2) A stoppage far downstream -- under the house and beyond the point at which I'm connecting the new utility sink drain. In this case, it seems as though all lower fixtures become drains as waste backs up and exits through sinks, etc.
3) A stoppage between the kitchen sink vent/drain connection and the new utility sink drain. This seems to be the situation you're describing. In this case, the new vent would become a drain, but wouldn't the waste simply run down the vent and on through the new utility sink drain? If I DIDN'T install the new vent, the kitchen sink would overflow onto the kitchen floor.
I'm sure I'm exposing my ignorance, but I don't see that installing the vent 2" lower than the flood level of the kitchen sink creates any problems I didn't already have. Am I missing something?

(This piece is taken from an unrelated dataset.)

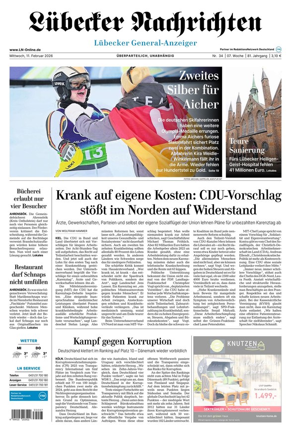 Die regionale Tageszeitung der Lübecker Nachrichten berichtet über aktuelle Neuigkeiten und Geschehnisse aus dem südöstlichen Schleswig-Holstein und dem westlichen Mecklenburg-Vorpommern. Weiterlesen...

: If you connect below the flood level of the fixture, the vent would become a drain line in the event of a drain stoppage, when the sink filled to the level of the lower vent.
: : I'm adding a utility sink in my garage. To vent the drain, I'd like to connect into the vent pipe running up vertically from the kitchen sink drain pipe.
: : I've heard that I need to connect into the vent at least 6" above the flood level of the sink. Why is this minimum height required? I can easily tap into the vent pipe behind the dishwasher, but that means I will connect to the vent pipe about 2" below the flood level of the sink. Connecting any higher would require heavy drilling and tearing into visible portions of the kitchen wall.
: : How big of a risk would I be taking if I connected it lower than the 6" requirement? If that's unacceptable, any other suggestions? Thanks in advance.